(Saved data entries)
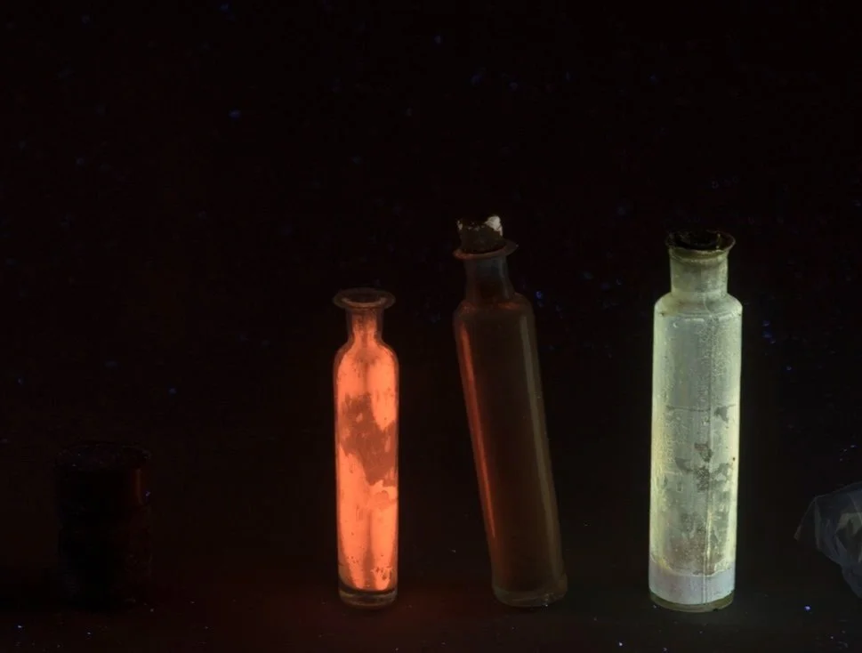 Normal illumination of the glass and metal vials before treatment. (Copy)
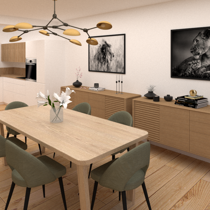 Dans le prolongement du salon, j’ai imaginé une salle à manger lumineuse pouvant accueillir 6 à 8 personnes, tout en conservant une circulation fluide et légère.
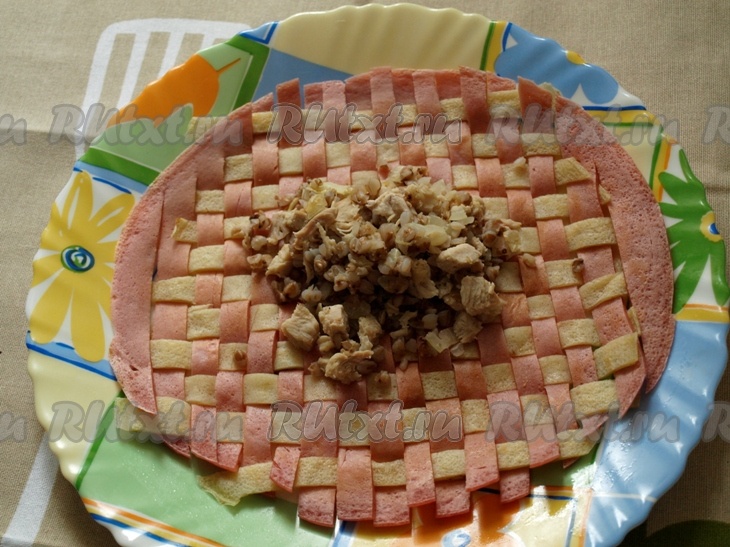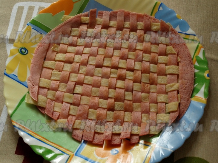 Свекольный блинчик разрезаем на полоски и начинаем плетение: через одну поднимаем белые полоски и выкладываем розовую полоску. Следующий ряд плетём в шахматном порядке. Так продолжаем плести ряд за рядом.
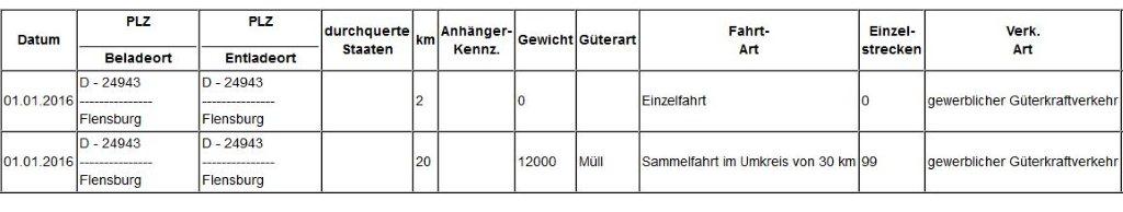 Sammelfahrten (z.B. Müll-Sammelfahrten), bei denen die einzelnen Beladestellen im Umkreis von 30 km liegen, können vereinfacht als eine Fahrt mit folgenden Angaben eingetragen werden:
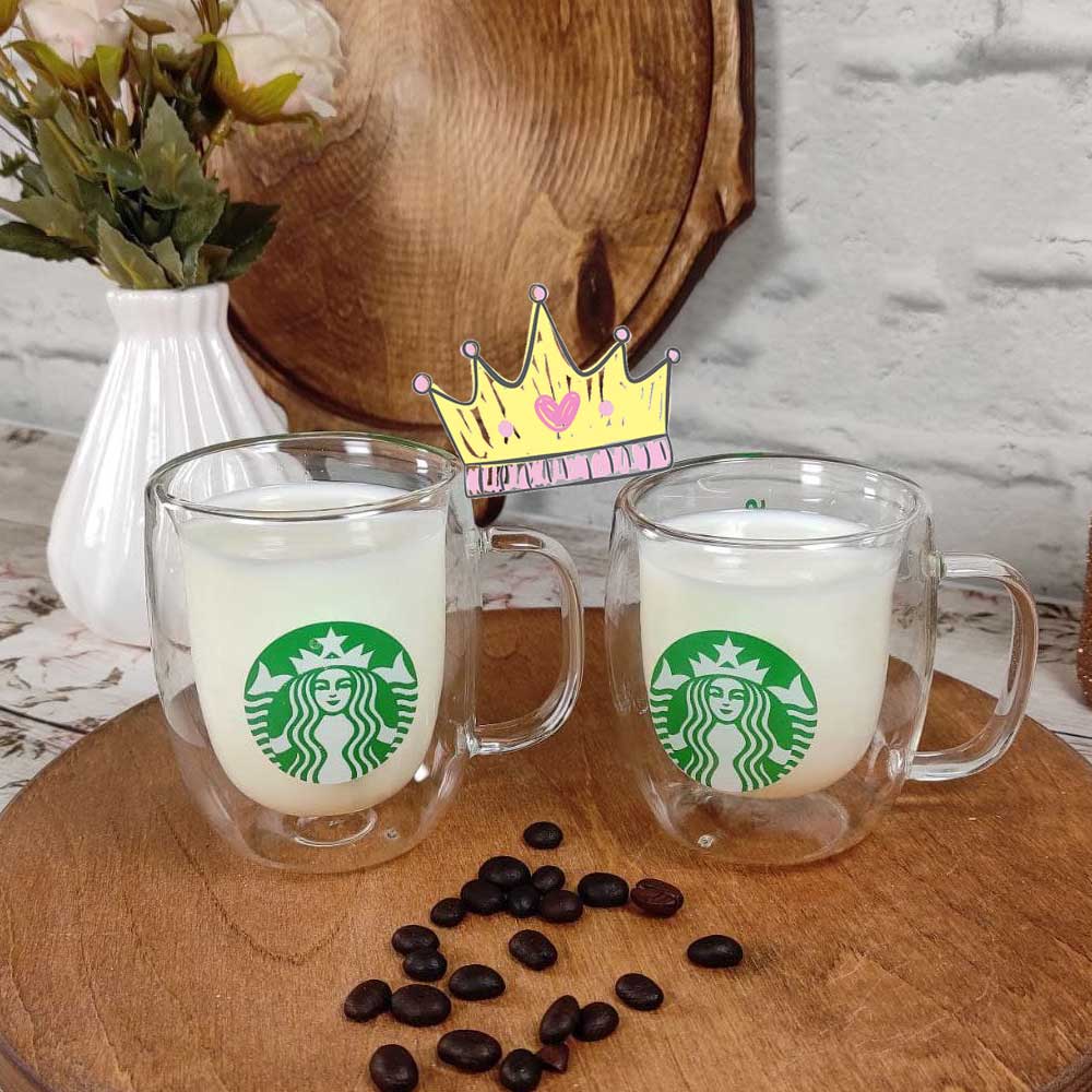 - لیوان دوجداره پیرکس طرح استارباکس سبز در دو سایز 250 سی سی و 300 سی سی.
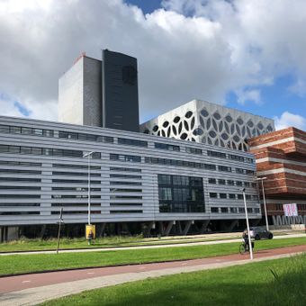 Twee poortgebouwen van het uitgebreide academische ziekenhuiscomplex, waarvan na sloop slechts enkele delen resteren

Instructions to follow – Restate the data exactly, though only from the line that contains "Dans le prolongement" through its last line, both ends included and with the pictures left out.

Result for this task –
 Dans le prolongement du salon, j’ai imaginé une salle à manger lumineuse pouvant accueillir 6 à 8 personnes, tout en conservant une circulation fluide et légère.
 Свекольный блинчик разрезаем на полоски и начинаем плетение: через одну поднимаем белые полоски и выкладываем розовую полоску. Следующий ряд плетём в шахматном порядке. Так продолжаем плести ряд за рядом.
 Sammelfahrten (z.B. Müll-Sammelfahrten), bei denen die einzelnen Beladestellen im Umkreis von 30 km liegen, können vereinfacht als eine Fahrt mit folgenden Angaben eingetragen werden:
 - لیوان دوجداره پیرکس طرح استارباکس سبز در دو سایز 250 سی سی و 300 سی سی.
 Twee poortgebouwen van het uitgebreide academische ziekenhuiscomplex, waarvan na sloop slechts enkele delen resteren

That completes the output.